Dimanche 16 mai 2010
Perroquet
Il semble qu'il faille actuellement à la vie publique française sa polémique hebdomadaire. Cette semaine, après la burqa, voici les « apéros géants ». 9000 personnes se sont réunies à Nantes la semaine dernière. Malheureusement, un jeune homme, vraisemblablement ivre, a grimpé sur la balustrade d'un pont et en est tombé ; il est décédé à l'hôpital le lendemain des suites des blessures occasionnées par sa chute. Immédiatement, hommes politiques et médias se sont emparés de l'affaire.
On pourrait tout d'abord signaler que c'est le premier accident mortel depuis le lancement des apéros géants en novembre 2009. On pourrait tout autant s'indigner de l'hypocrisie de la société française où boire fait partie intégrante de la culture, où les morts par alcoolémie sur la route ou ailleurs ne se comptent plus, et où la puissance du lobby de l'alcool n'est plus à démontrer.
Le plus ennuyeux dans les nombreuses réactions n'est pourtant pas là. On a d'abord désigné un coupable : le réseau social Facebook sur lequel ces manifestations sont organisées — tout le monde sait en effet qu'avant Facebook, les jeunes passaient leurs soirées à boire des orangeades en récitant des poèmes de Charles d'Orléans ! D'un point de vue intellectuel, confondre le média et le message est passablement stupide : si des personnes se saoulent à une noce, poursuivrions-nous l'imprimeur des faire-part ? On retrouve là en fait la peur d'Internet qui anime une certaine catégorie de nos soi-disant élites : cf. par exemple “Taisez-vous, manants !”.
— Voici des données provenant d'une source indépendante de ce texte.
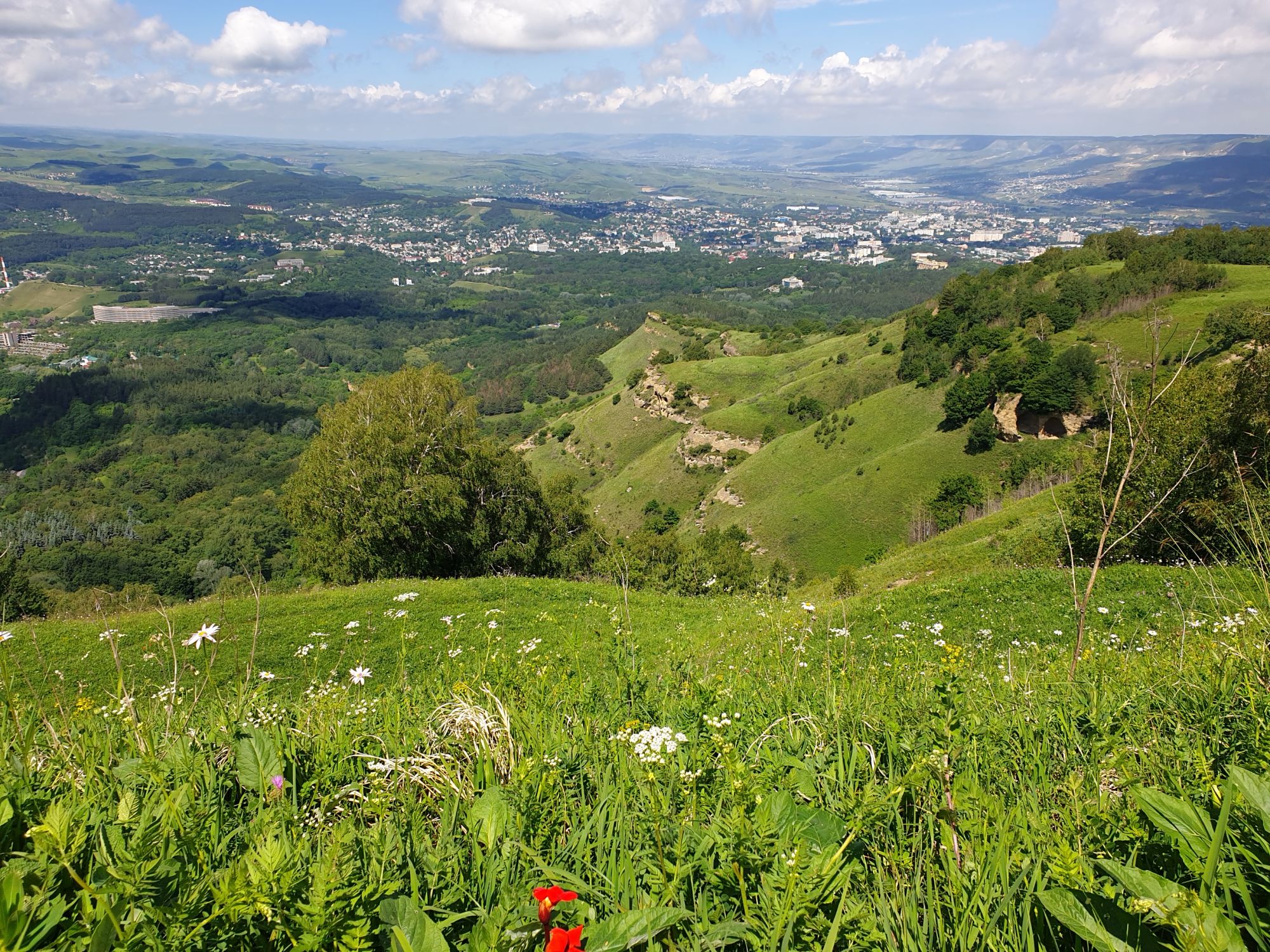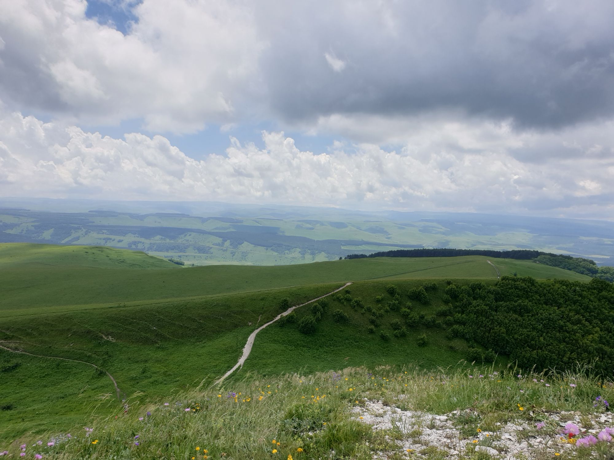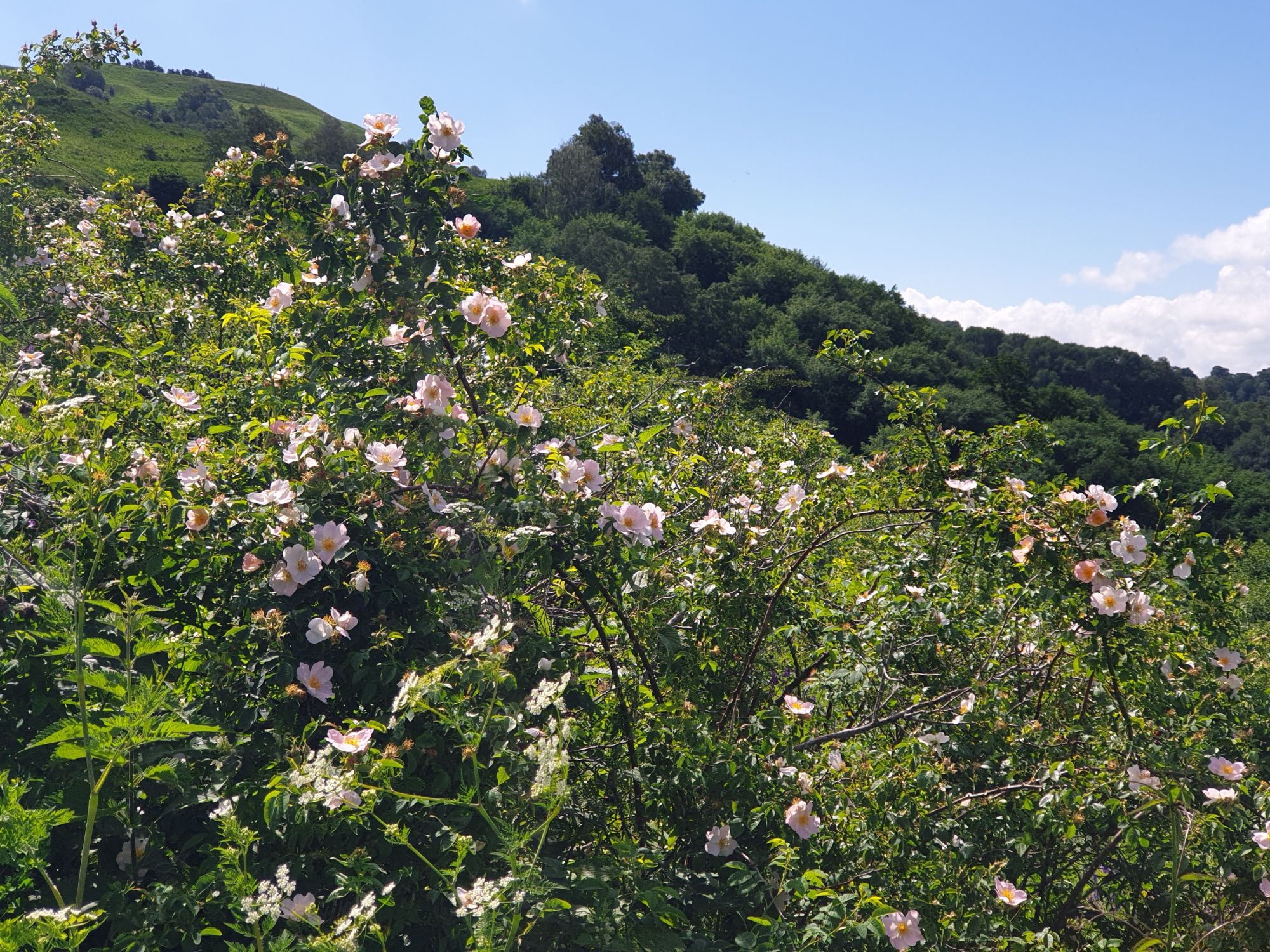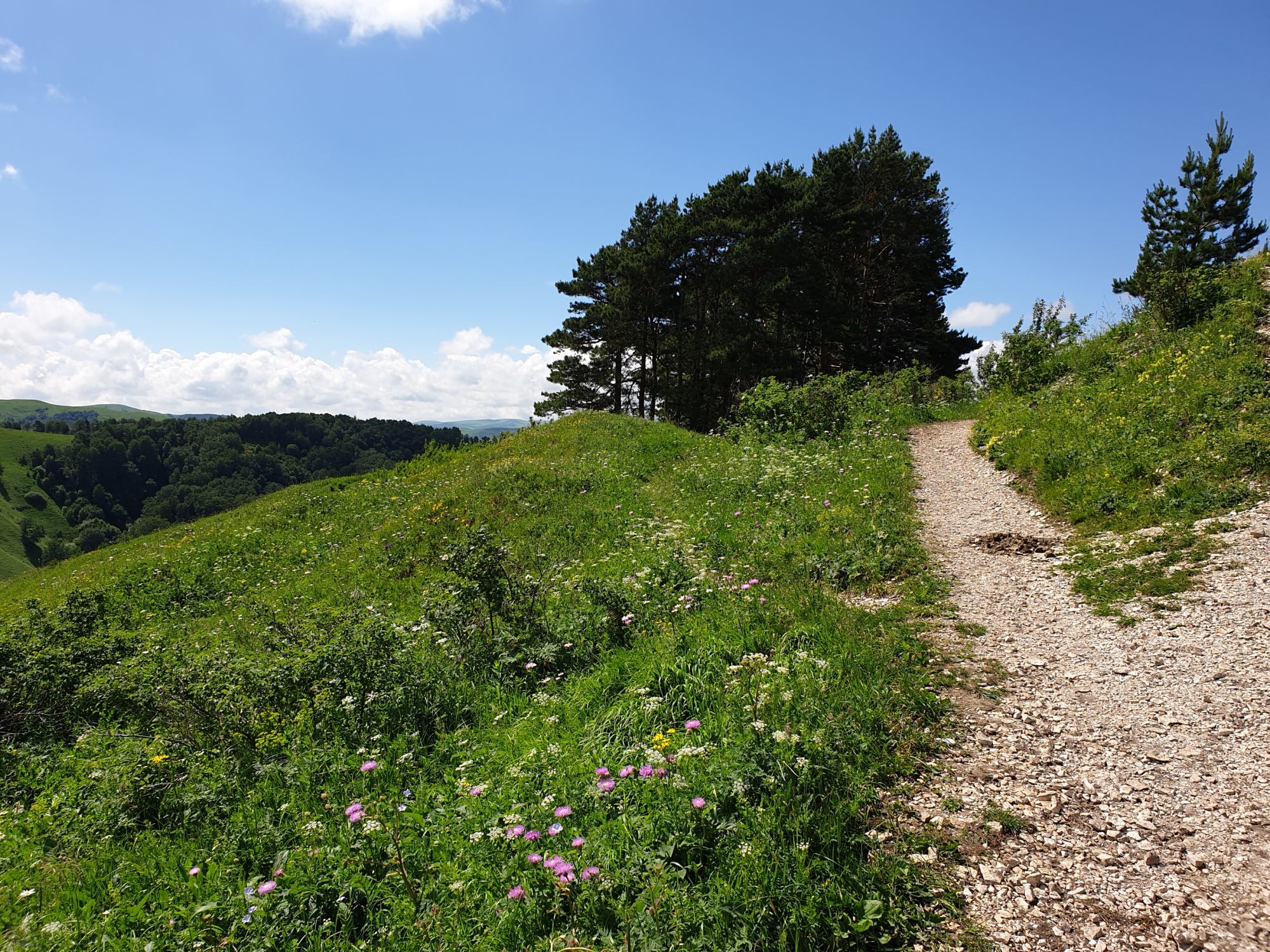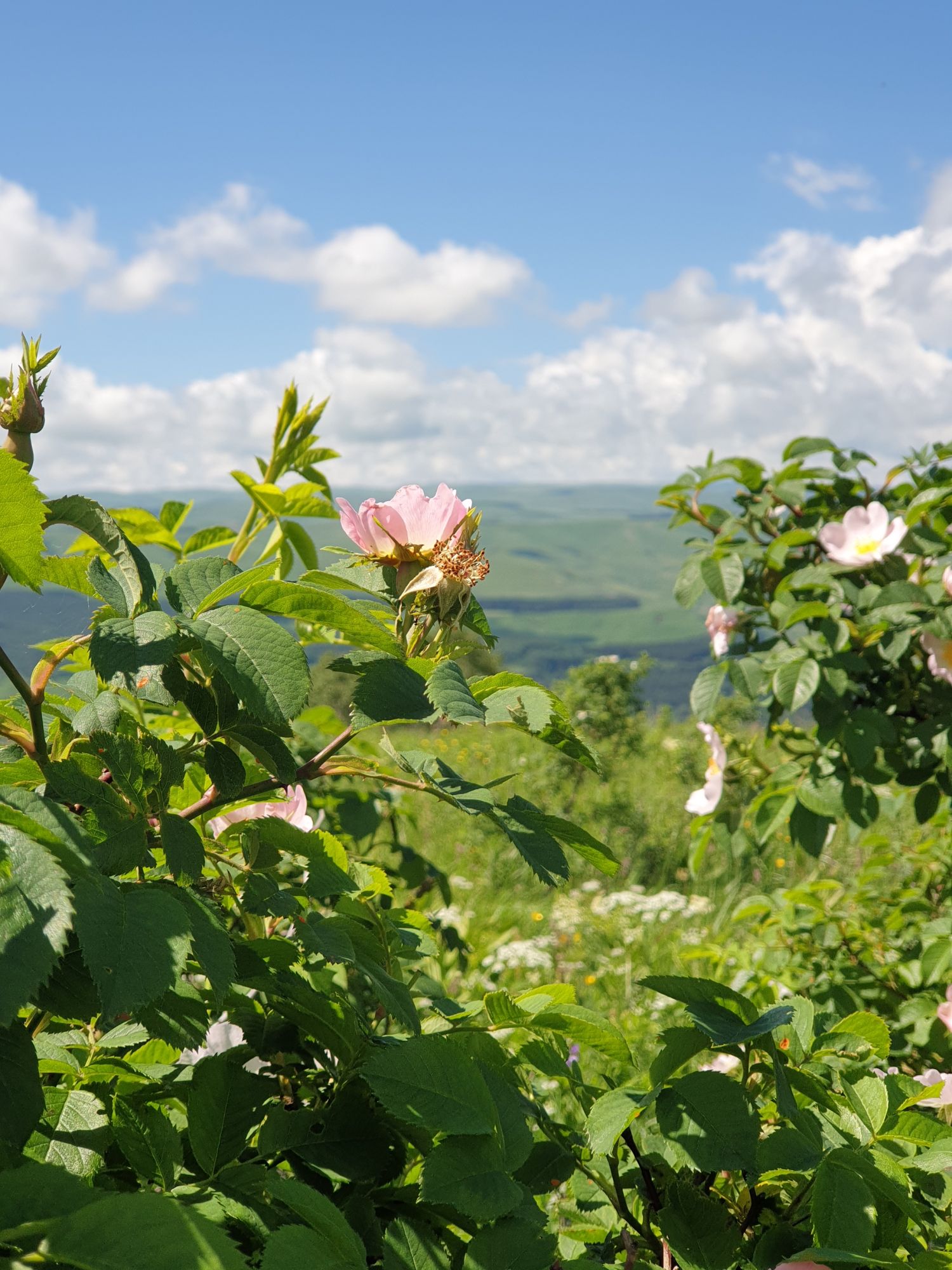 12 июля 2022 Продолжаю про отпуск. В этот раз на нашем пути встало два значимых препятствия. Первое - это дождь. Мы его в принципе не боимся и в курсе, что это время здесь условно называют "сезоном дождей", но в этот раз все было особенно бесперспективно. Увидеть тот же Эльбрус было ну совершенно без шансов: даже в солнечные окна горизонт был плотно затянут этими хорошо взбитыми подушками - облаками. Нам приходилось лавировать между дождями разной степени интенсивности (а ливней было немало) и носить с собой полный комплект экипировки: куртки + дождевики (но это в общем-то самая незначительная трудность). И второе - физическая форма. Карантинные 2020 и 2021 вкупе с не самым активным образом жизни и не желающим уменьшаться возрастом дали о себе знать. Тем более последний год по здоровью выдался у меня сложным. И вот мы наконец там, где дорожек и тропинок бесчисленное количество, равно как и подъемов и спусков разной степени крутизны и продолжительности. Я знала, что будет непросто, но надеялась, что вместе в любимым парком и местным нарзаном мы таки сумеем "включить" мой организм. Первые пару дней было сложно, болели суставы, мышцы, казалось, что я не справлюсь. Километраж в те дни был 12-16 км с максимальной высотой 1100м (средняя высота Кисловодска 700-900 метров нум). В те дни были розы в огромном количестве, много живности от вездесущих белок до редкого зеленого дятла, цветущие кусты чубушника, относящие меня своим ароматом в детство, дорожки и тропинки любимого парка и немножко города. И еще один закрытый "гельштадт": сколько раз смотрела с Каскадной лестницы на "красивый храм вдалеке", ни ни разу не довелось побывать вблизи. Сделано! Хоть и не с первого раза удалось найти к нему проход)) Однажды, гуляя по туристической тропе, я подбила своих на то, чтобы залезть таки в пещеру "хобот", что возвышается над тропой недалеко от ее начала. А то все издалека да издалека: так и не особенно понятно, почему так зовут)) Забрались) Сверху сразу понятно, откуда прозвище. Не знаю, как на фото, а живьем сразу видишь голову слова с хоботом-колонной, что поддерживает свод пещеры)) пещера в конце вот этой тропки-подъема: а вот и хобот) и череда небольших гротов на этом же уступе На третий день я практически полетела. И, о эйфория!, я решила, что готова идти "на пробу" на маршрут посерьезней: к Малому и (хотелось бы) Большому седлу (это 1300 и 1400м с чередой подъемов и спусков). И на 4й день мы пошли туда. И именно в этот день я попала в функциональную яму. Первые км 10 мне каждый шаг давался с трудом, я чуть не плакала внутри, но шла, зная что других способов нет. Медленно, через себя, останавливаясь на самых крутых подъемах чуть ли не через каждые 5 шагов... и упорство таки было вознаграждено. Вторую половину (а в тот день по gps трекеру было порядка 20 км) я шла вполне бодро. А уж внутреннее ликование от "живого организма" было безгранично! И это помимо того, что виды были бесконечно волнующими сердце.. Шиповник! Как же его много здесь на высоте! Кусты разбросаны тут и там и усыпаны нежными, трогательными цветами от белого до нежно-розового. Иногда однотонные, иногда с градиентом цвета цветы на фоне этих бескрайних зеленых просторов волновали до слез. И кто после них рискнет сказать, что не любит розовый цвет? А помимо шиповника все склоны усыпаны цветущими травами. Ромашки (которые нивяник) белые и розовы

De nombreuses voix ont ensuite réclamé l'interdiction totale des apéros géants. Plus tolérante, Nathalie Kosciusko-Morizet a déclaré vendredi sur Europe 1 : « Ce n'est pas forcément l'interdiction systématique, mais il faut que les organisateurs comprennent que s'il y a des règles de sécurité qui sont mises en place, ce n'est pas pour les ennuyer, c'est vraiment qu'il y a des risques. […] Je veux que les organisateurs se rendent compte que ce qu'on appelle l'ordre public, ce n'est pas une saloperie pour embêter les gens, c'est pour protéger les gens. »
Les organisateurs !? Nathalie Kosciusko-Morizet est pourtant secrétaire d'État à la prospective et au développement de l'économie numérique. Sur Facebook, et sur les réseaux sociaux en général, il n'y a pas d'organisateur(s) et de participants. Les 9000 personnes présentes à Nantes étaient collectivement toutes organisateurs et participants. La responsabilité est aussi collective.
Lors des événements en banlieue parisienne en 2005 (cf. “Allumer le feu”), j'écrivais : « À l'heure du portable et de l'Internet, simultané et semblable ne veulent plus dire forcément coordonné ou centralisé. » Cinq ans plus tard, les dirigeants politiques semblent ne pas l'avoir encore compris. Pourtant, c'est une des caractéristiques fondamentales de l'émergence du vMème VERT : des mouvements collectifs auto-organisés — cela n'implique évidemment pas que tous les participants aux apéros géants soient dominés par ce niveau d'existence.
Dans La Solution, Bertolt Brecht ironisait : « Ne serait-il pas plus simple pour le gouvernement de dissoudre le peuple et d'en élire un autre ? » Il semble aujourd'hui que BLEU et ORANGE voudraient bien dissoudre VERT !
Bien évidemment, les apéros géants posent des problèmes réels : sécurité, santé, hygiène, déchets, nuisance aux riverains. Cependant, on ne résout pas les difficultés créées par un niveau d'existence avec les solutions des niveaux précédents.
P.-S. : pour nos lecteurs sobres, rappelons qu'un perroquet est un cocktail à base de pastis et de sirop de menthe. Un apéritif vert, en quelque sorte.